About this task —
In the listing below, find the line with "由于 Hermes Agent" and the line with "2. 입력한 이메일로 OKX 인증번호 메일 확인 후", then return them and every line between them exactly, minus the pictures.

Recorded data —

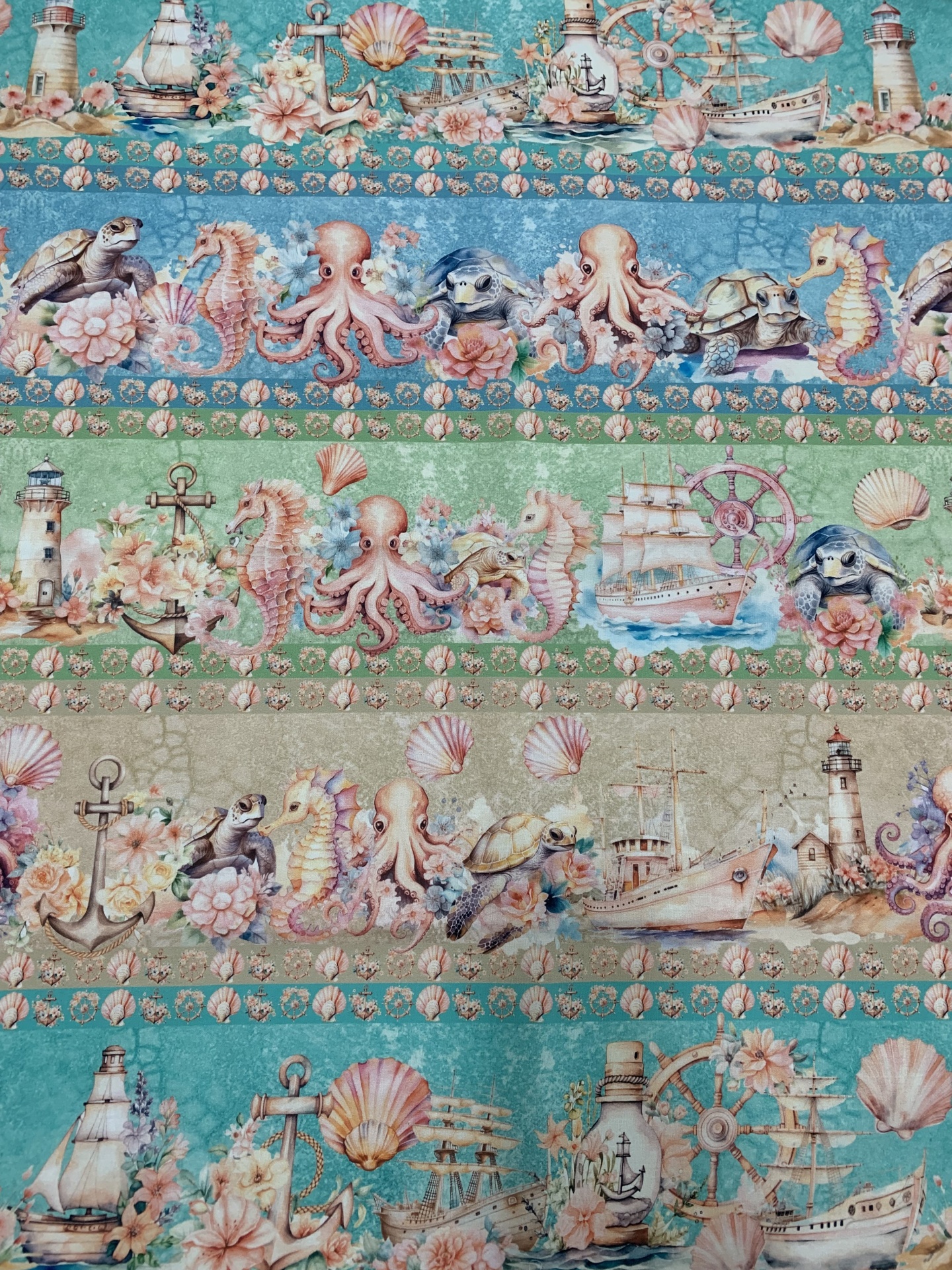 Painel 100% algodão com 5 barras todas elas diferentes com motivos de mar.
--
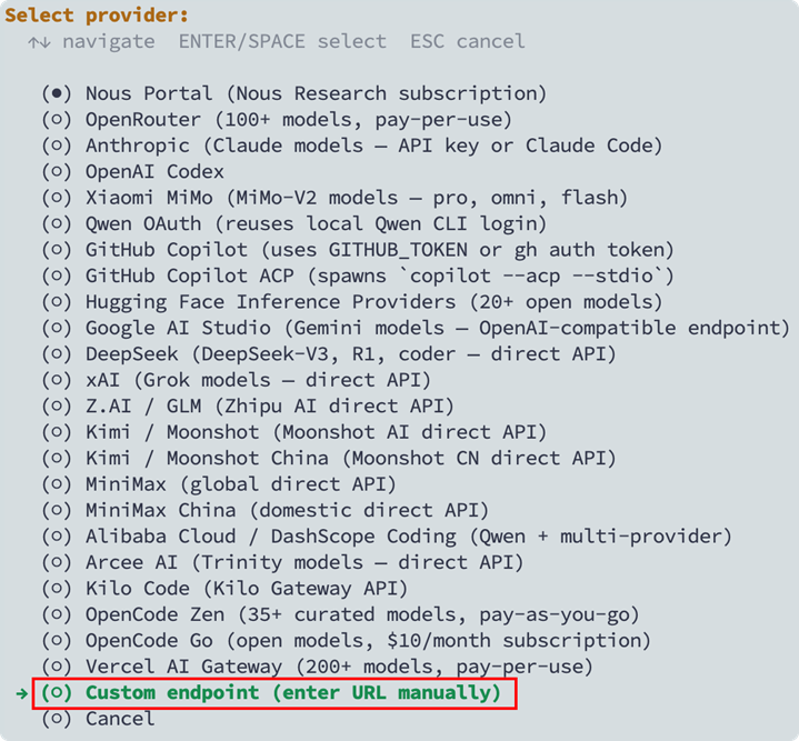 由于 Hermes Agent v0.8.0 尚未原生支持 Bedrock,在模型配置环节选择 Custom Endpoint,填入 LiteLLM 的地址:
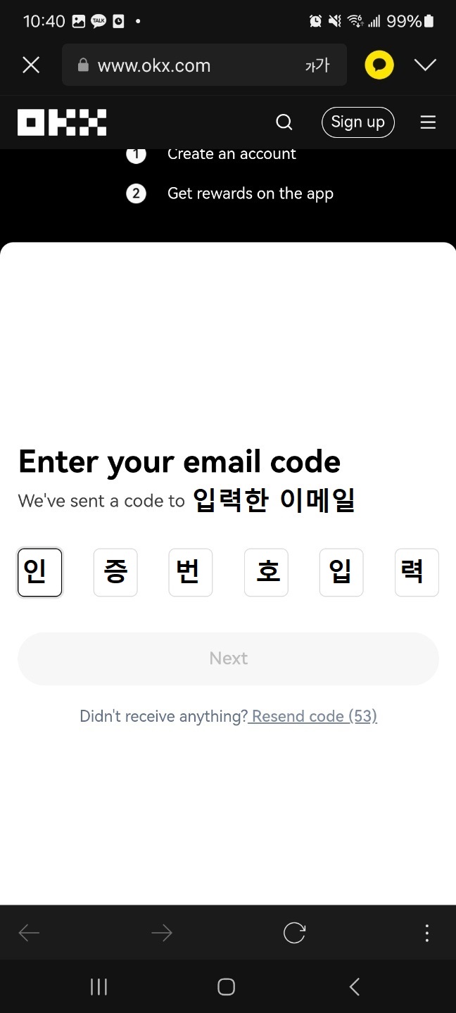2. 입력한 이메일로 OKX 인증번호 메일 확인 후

Answer for the task —
 由于 Hermes Agent v0.8.0 尚未原生支持 Bedrock,在模型配置环节选择 Custom Endpoint,填入 LiteLLM 的地址:
2. 입력한 이메일로 OKX 인증번호 메일 확인 후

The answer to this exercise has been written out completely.